These radical restructurings are usually enforced by a taskforce of KKR operatives, overseen by senior partners at 9 West 57th St, its imposing Central Park-facing headquarters. Management consultants from Capstone, the in-house advisory firm KKR revamped in 1999 are also seconded to companies during the 100-day plan to help the KKR executives with the early “heavy lifting”.

Each company’s performance is evaluated on a monthly basis by KKR’s powerful portfolio committee. Chaired by Mr Kravis and/or his partner George Roberts, the committee divides KKR-owned companies into three baskets: the good performers, those on the watch list and ones in need of immediate attention. Currently, no more than two or three of KKR’s 30-plus companies are believed to be in the dreaded third category. To keep it that way, the overlords of West 57th St pay painstaking attention to one metric above all else: cash generation.

At KKR, the various iterations of the firm’s internal structure are referred to as “versions”: a term that evokes the see-sawing dynamics of the technology industry.

In the firm’s parlance, Version One, in 2000, was the move to divide the staff along 16 industry groups, a departure from the generalistic approach of the past that seemed necessary after a few high-profile investments, including Regal Cinemas, turned sour.

Four years later came Version Two: the number of industry groups was narrowed from 16 to nine to make sure a slow period in one sector would not leave too many KKR executives idle.

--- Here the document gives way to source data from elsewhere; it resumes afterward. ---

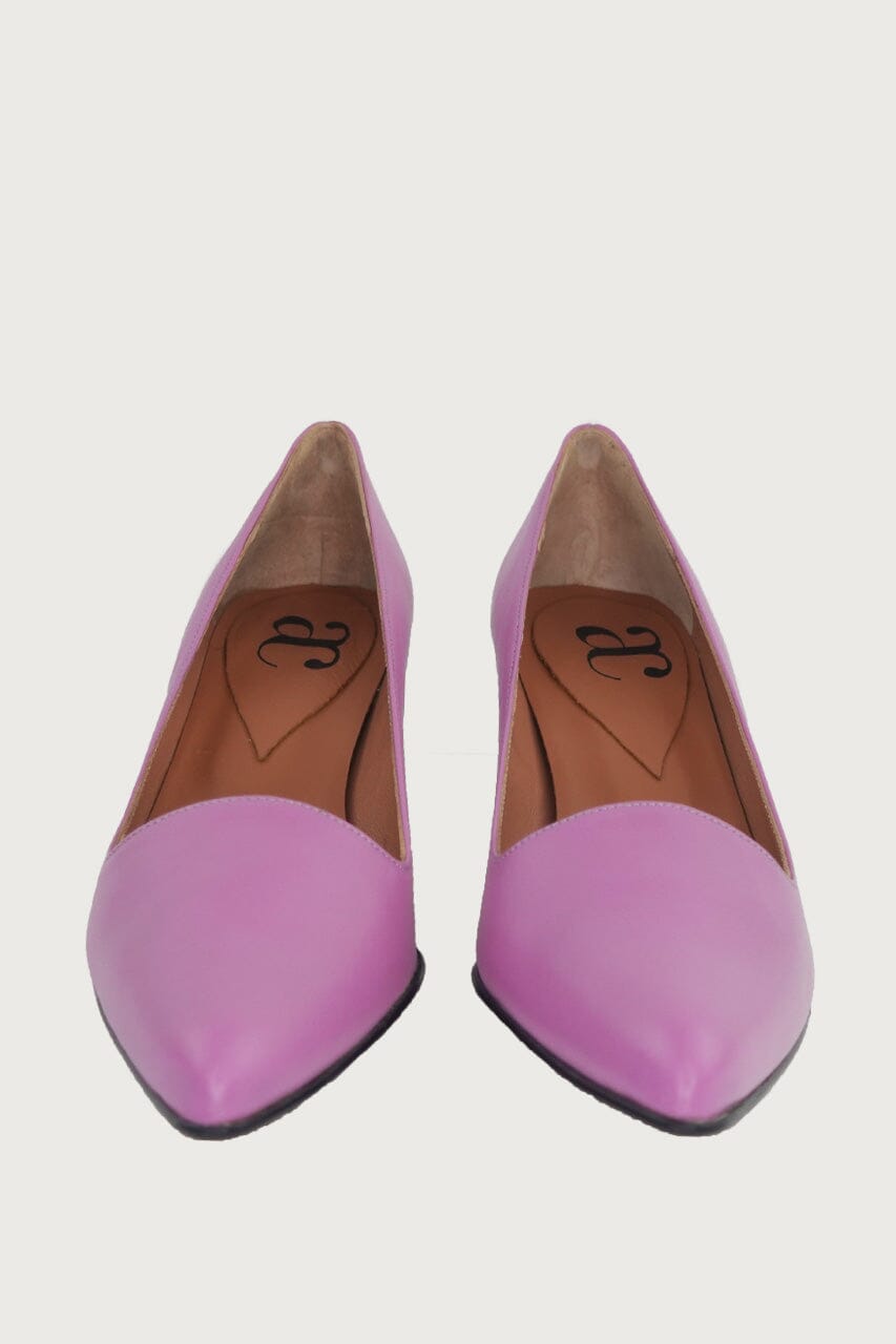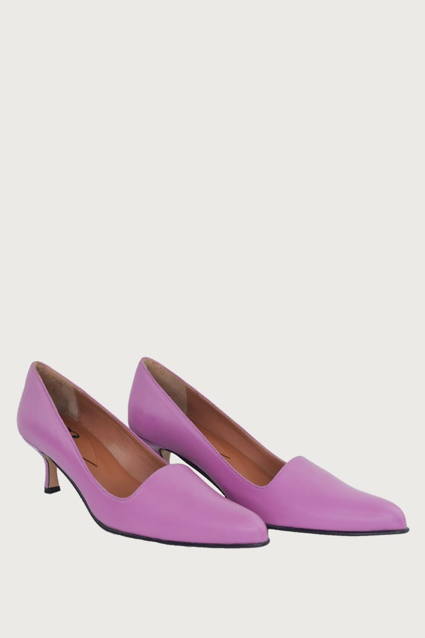 A squared-off top line adds a cool contemporary twist to the silhouette of this timeless leather pump perched on a dainty kitten heel.
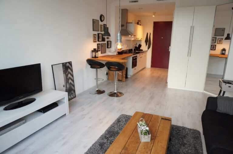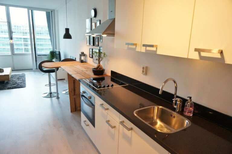 Dit studio-appartement is voorzien van een compleet uitgevoerde keuken, een ruim opgezette badkamer een fijne leefruimte welke meer dan genoeg ruimte biedt voor een tweepersoonsbed annex bank en een eetgedeelte.
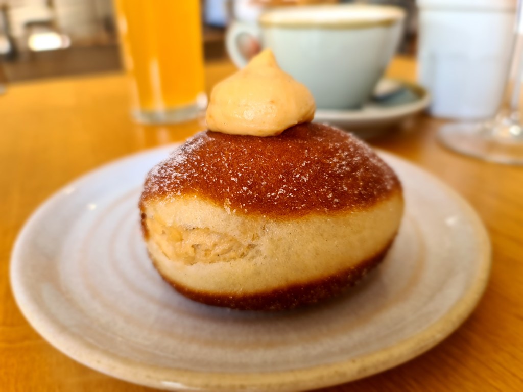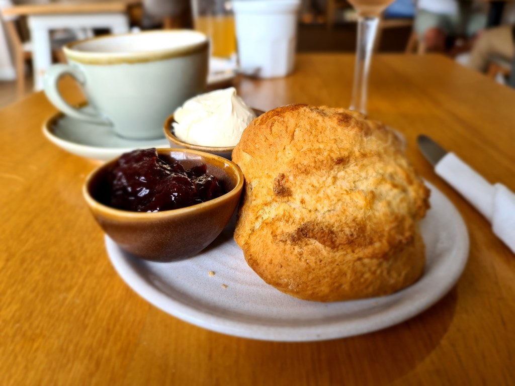 She treated herself and her son to a peanut butter creme doughnut, and a cream tea plus a glass of their own rosé – it was one of the best doughnuts and scones they’ve ever tasted. The rosé was excellent and they found out they even make their own gin. They kept eyeing up the mains as they went out and they look very good too and if you’re vegan, there are some equally delicious cakes in the cabinet.
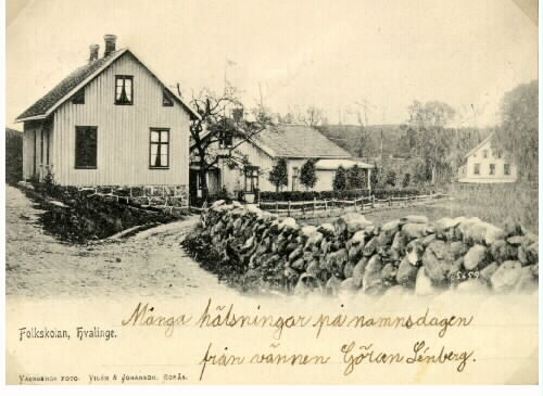 Brevkort, "Folkskolan i Hvalinge." Kortet är avsänt 1904 och visar tre byggnader och byvägen, kantad av en stengärdsgård, som delar sig.
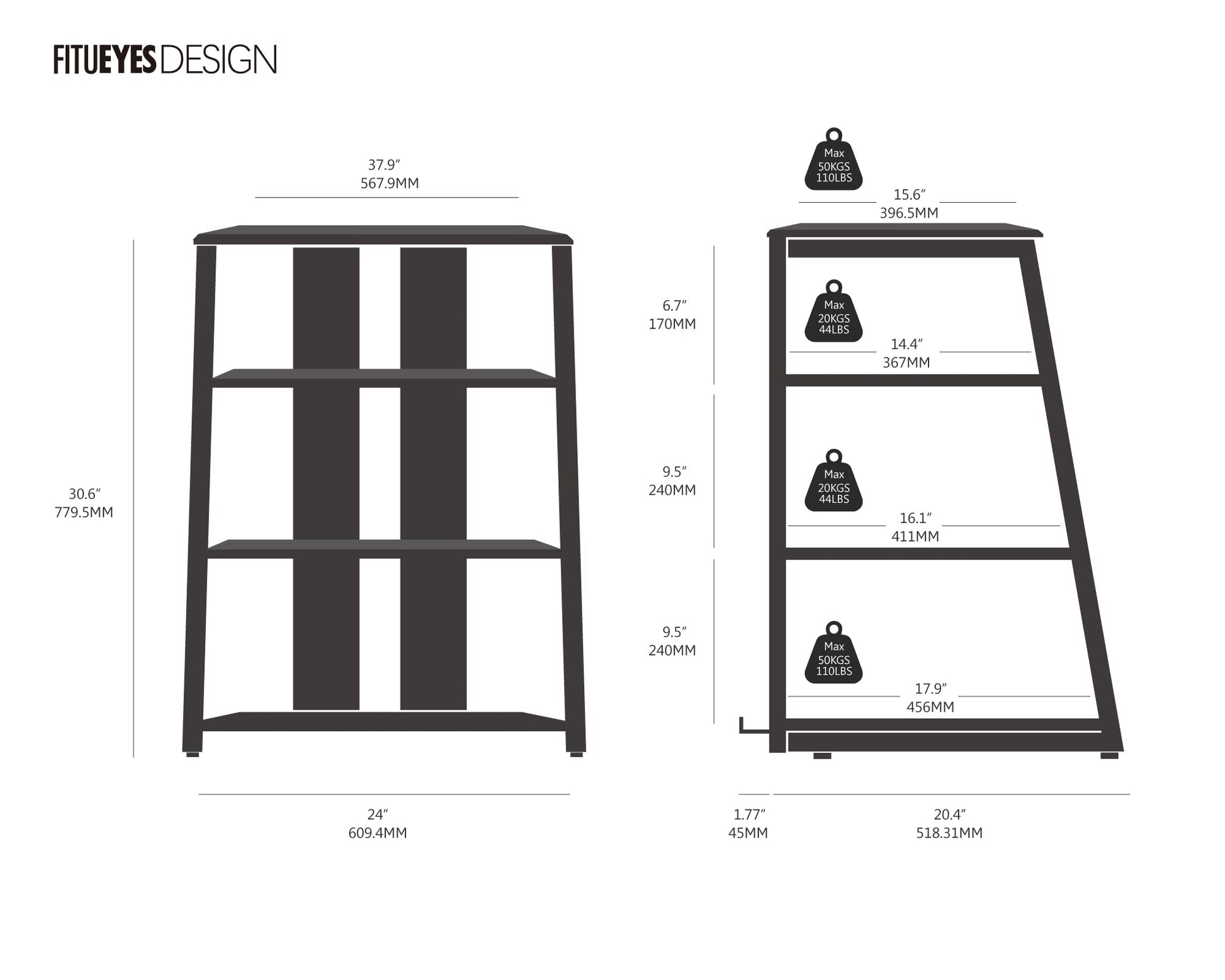 - This media shelf is made of premium 15mm MDF board which has superior load-bearing to grantee long time using and also easy for cleaning and maintain. The sturdy powder-coated steel frame come with adjustable foot pads also enhance the trapezoidal structure media shelf more stable, not only offers a large weight capacity (up to 110 lbs), but also waterproof and rust free.
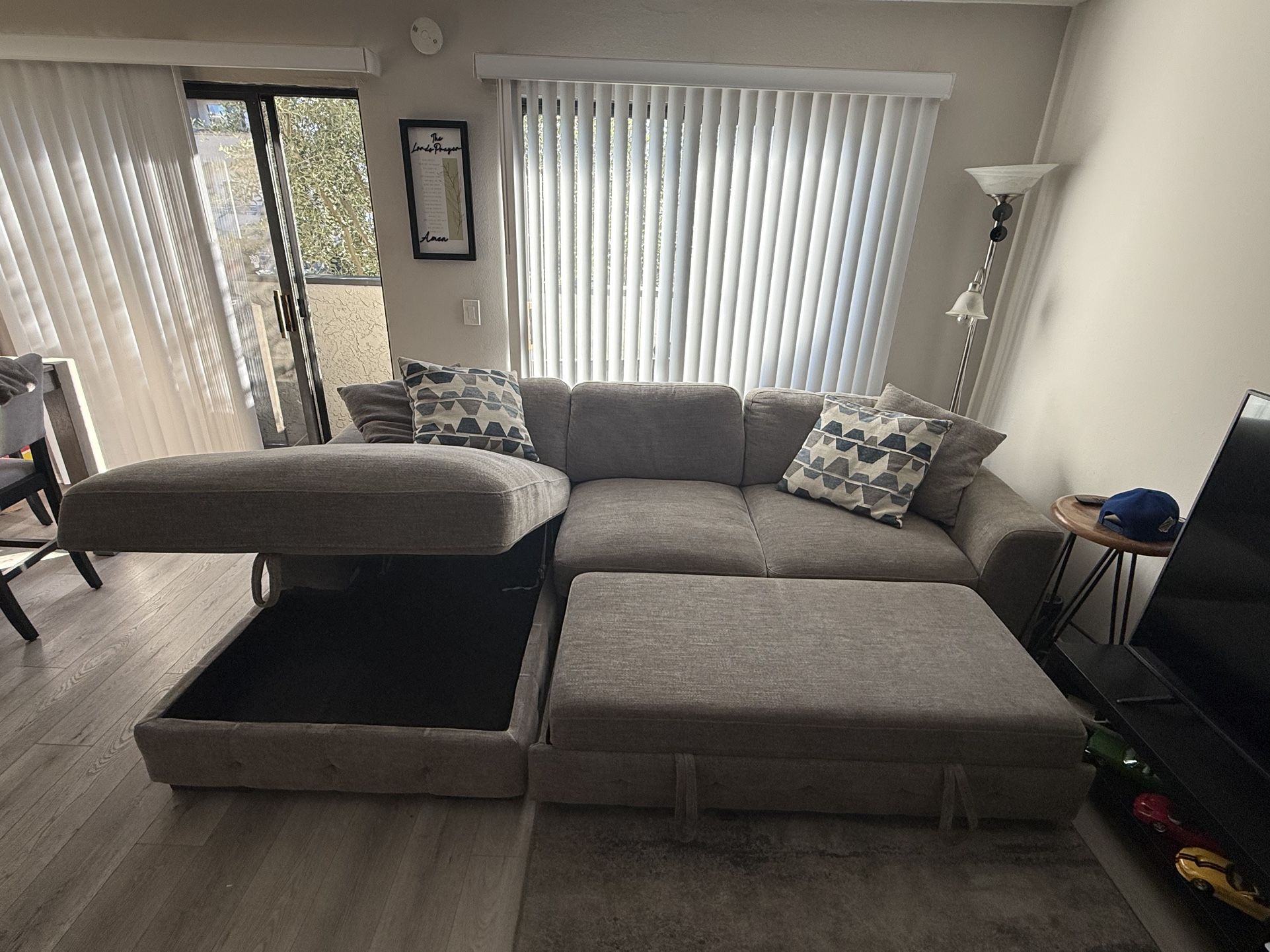 This couch is in amazing condition. It’s a two piece so it’s easy to move out. Folds out into a bed and has great storage. Need gone asap to clear out room for a pool table.
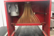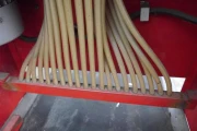 The seeds fall down in a pipe that distrebutes the seeds over the output hoses.

The current version, which coincided with the boom in deal-making of the past two years, is described internally as “the creativity phase”: a search for new sectors and new techniques to invest the huge cash pile at KKR’s disposal.

And yet, KKR’s innovative approach to its stewardship of companies is anything but plain sailing. Toys “R” Us, for example, lost $384m in the year to January 2006, mostly as a result of costs related to the buy-out. It swung back into an $85m profit in the year to February 2007 but in a recent regulatory filing said it had been forced to delay its annual report due to a “material weakness in its internal controls”.

KKR’s challenge is to prove that it can use its financial might and managerial savvy to ensure that another difficult case does not join the small number of KKR failures.